Non-local exchange-correlation effects on the spin susceptibility and thermal density of states of Cu

A variational-principle–spin-density-functional approach has been used to investigate the importance of non-local exchange-correlation effects on the spin magnetic susceptibility χp, of Cu. These effects are contained in two functionals, one of which gives the exchange-correlation part of the effective single-particle potential while the other gives an effective spin–spin interaction. For the former functional we have compared two empirically based choices with the commonly used local approximation. The differences between these single-particle potentials are shown to be of the same magnitude as the lowest order density gradient corrections to the local approximation and produce appreciable (~ 5%) effects on the single-particle density of states at the Fermi surface and on the density functional analog of the Stoner parameter I through changes in the single particle spin magnetization. To assess the importance of these non-local corrections, we have calculated the exchange-correlation contributions to the electronic thermal density of states by the density functional theory and find that they are necessary to bring theory and experiment into agreement.

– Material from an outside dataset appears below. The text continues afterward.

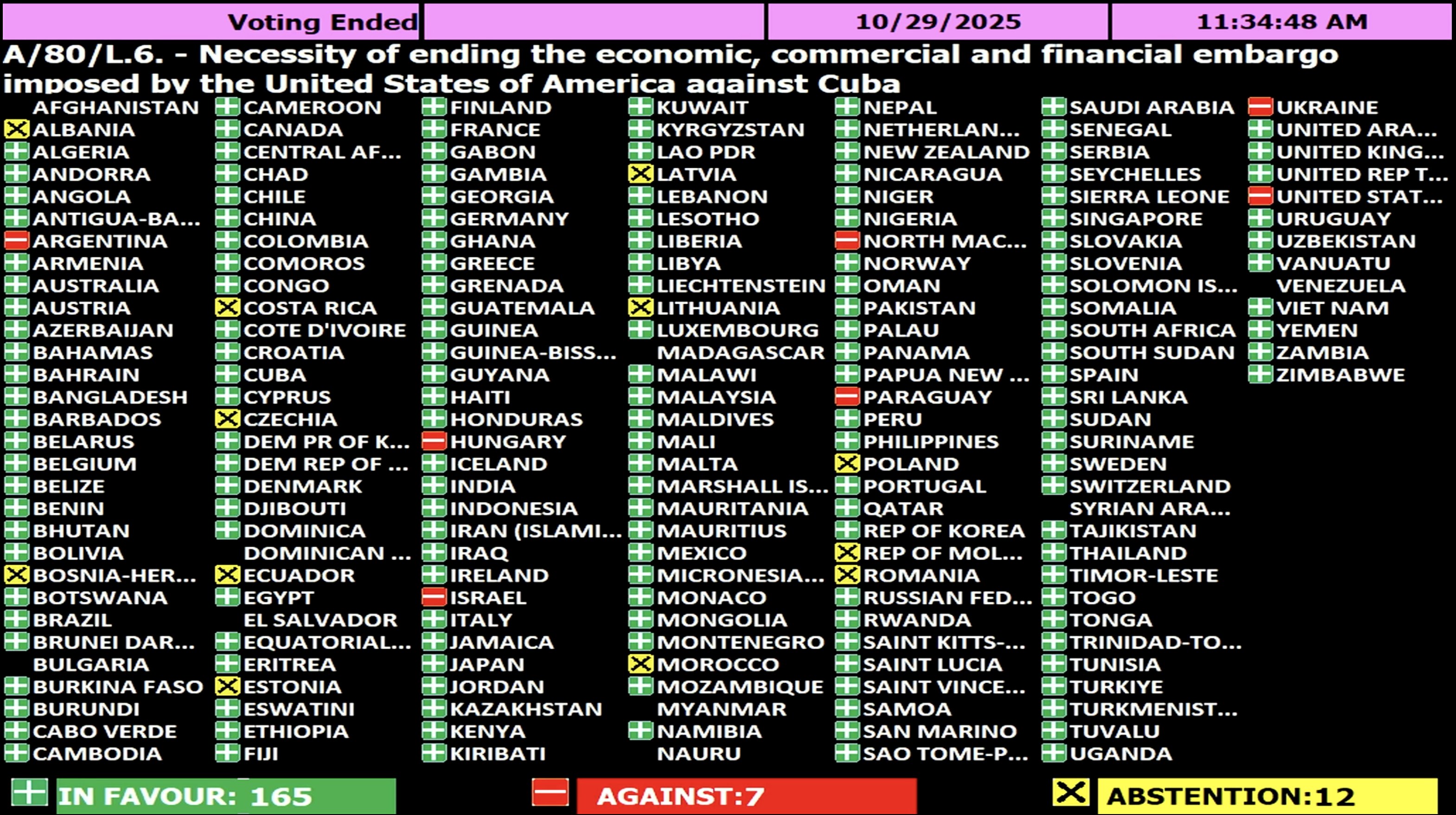 Усього 7 країн проголосували проти зняття ембарго з Куби. Це США, Україна, Аргентина, Угорщина, Ізраїль, Парагвай та Північна Македонія. 165 країн проголосували за резолюцію про зняття ембарго, 12 — утримались.

The non-local effects of the spin–spin interaction functional on I are investigated by using several non-local approximations based on calculations of the wave vector dependent spin susceptibility for the uniform electron gas system. On the basis of these investigations we conclude that non-local exchange-correlation effects on χp will be significant for d-band metals, especially those with a highly enhanced χp. Numerical techniques useful for finding Fourier series representations of translationally invariant functions with cubic symmetry, important in this work, are discussed in an Appendix.